Hans Zimmer's score – Tarantino calls it 'the score you could define the decade by' and says it was a crime it didn't win the Oscar. The time-shifting structure rewards repeated viewings – Tarantino didn't fully understand the temporal crosscutting until his 4th viewing. Mark Rylance's quiet, still performance. Christopher Nolan's virtuosity – Tarantino says this is Nolan's '2001' and his Apex Mountain, putting himself 'up with the greatest in the world.'
The time-shifting gimmick – will it become a Nolan crutch or a hallmark? The Cillian Murphy PTSD sections are everyone's least favorite part of the film, though they work within the fabric because you're never there for long. Some period inaccuracies: the Luftwaffe didn't paint fighter nose cones yellow until later in 1940; the top of the Weymouth Sea Life Tower (built 2012) is visible in some shots.
None – first time this has happened.
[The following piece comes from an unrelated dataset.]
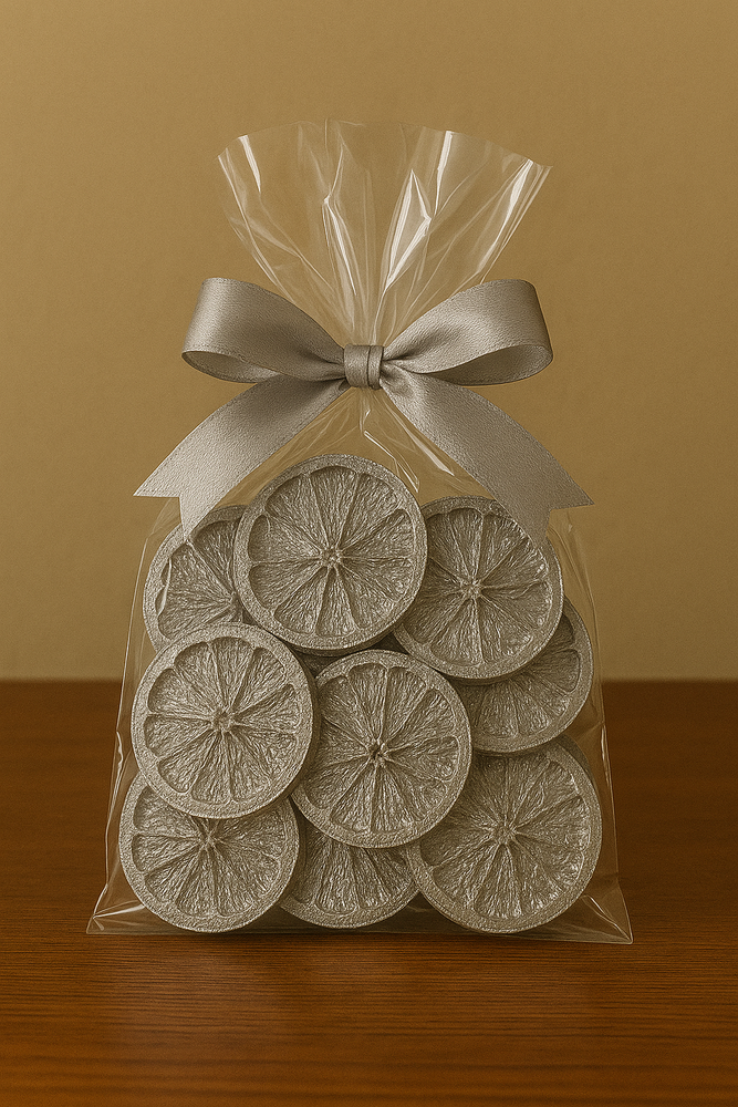 Srebrne suszone pomarańcze świetnie sprawdzą się jako ozdoby na choinkę. Ich metaliczne wykończenie wprowadza nutę elegancji, a jednocześnie pozostaje w zgodzie z naturalnym materiałem, jakim jest suszony owoc. Można je zawiesić za pomocą sznurka jutowego, wstążki satynowej lub metalicznej nici, tworząc piękne, minimalistyczne ozdoby, które doskonale będą wyglądać w stylu skandynawskim, eko lub glamour.

The deliberate choice to cast unknowns meant there were no what-ifs. Michael Caine has an uncredited voice cameo as the RAF Flight Leader (his 7th Nolan collaboration).
Cillian Murphy – he's the only one with a truly dramatic, emotional performance. 'He's the only one that has a really dramatic moment.' Most of the film is sheer terror and survival, not acting.
Barry Keoghan as George – 'the Dion Waiters Award.' His eagerness to be useful and his tragic death are the film's emotional heart. Tom Hardy does the most with the least screen time, carrying the air sequences with almost no dialogue – 'a movie star even though you never see the bottom half of his face until the second last shot.'
Christopher Nolan – yes. All three agree. Tarantino: 'He put himself up with the greatest in the world.' It's his '2001' – he is Warner Brothers' Kubrick. Sean argues Dark Knight is more important (the most important movie of the century for resetting industry brain chemistry), but concedes that might be Batman's apex, not Nolan's. After 'Dunkirk', 'what comes for him is anything he wants.'
Almost impossible to nitpick. The Luftwaffe nose cone colors are wrong for 1940. A modern tower is visible in the Weymouth shots. Chamberlain's appeasement strategy is everyone's real nitpick. The Murphy boat section is the weakest thread but never drags because Nolan keeps the cuts short.
It could have been done as a miniseries – 'that's how most people would think to do it.' Thank God Nolan didn't. He made it lean instead. 'Checking in on the Belgians, Episode 6' – the opposite of what makes this great.
Was Farrier (Tom Hardy's character) eventually rescued or hauled off to a German POW camp? Consensus: he's in a German prison for 5 years. If you could only watch one of the three storylines, which? Tarantino picks the Fionn Whitehead beach story; all agree the air sequences are the blockbuster thread but you can't spend the whole movie up there.